Technically, I'm trading N*0(1) operations needed to track line and column while consuming each character to M*0(log(n)) operations when calculating them on demand. N = number of characters, n is number of lines and M is number of actual usages of Location. My assumption is that M << N (M is much smaller than N).
May 11, 2012
On Friday, 11 May 2012 at 12:20:27 UTC, Roman D. Boiko wrote:
> On Friday, 11 May 2012 at 12:13:53 UTC, alex wrote:
>> Mono-D is written in C#, VisualD uses D -- so it actually should be easier to integrate into the second one :)
> Sorry, I meant D-IDE. But there might exist the reason to consume D implementation from C# also.
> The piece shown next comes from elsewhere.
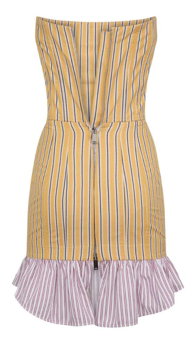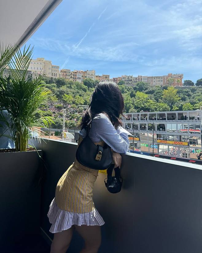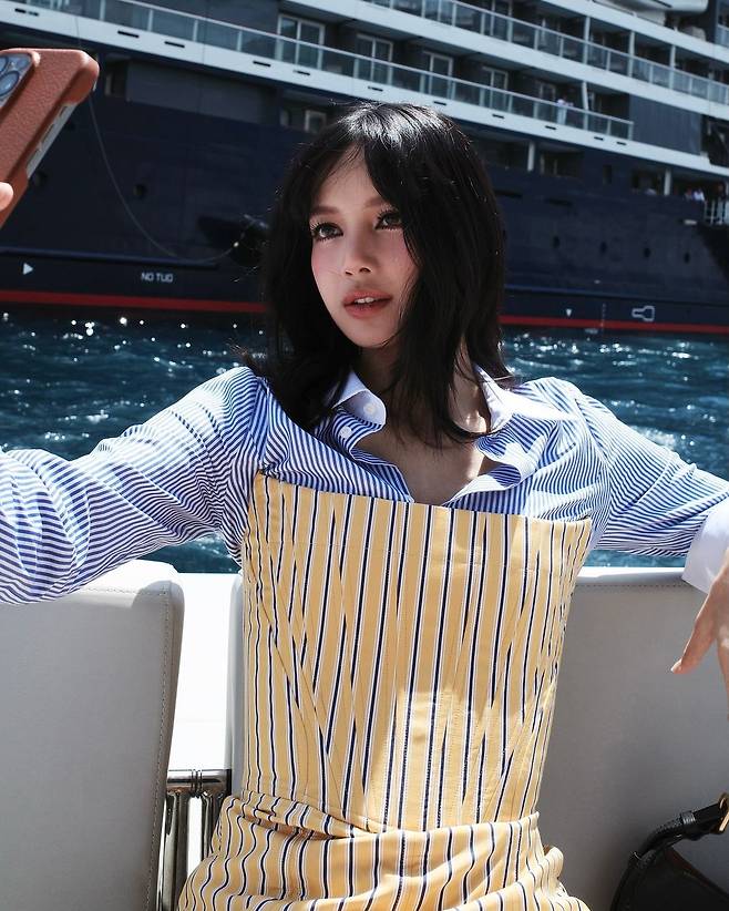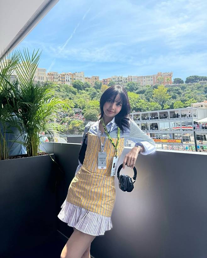 사진 속 리사는 하늘색 스트라이프 셔츠를 이너로 입고 밑단에 흰색 프릴이 있는 노란 스트라이프 탑원피스를 입어 러블리함을 한껏 강조했다.

I would happily collaborate to make it usable for that.
Oops D-IDE is also C#...
May 11, 2012
On 2012-05-11 15:30, Rory McGuire wrote:
> ? my guess is that the spec is TDPL + TDPL errata. dlang.org
> <http://dlang.org> should be updated as people notice inaccuracies.
> This project would be an ideal time to update dlang.org
> <http://dlang.org> as people notice its not in sync with TDPL.
> If TDPL doesn't cover it then the community should review it.
>

None of these are in sync.

-- 
/Jacob Carlborg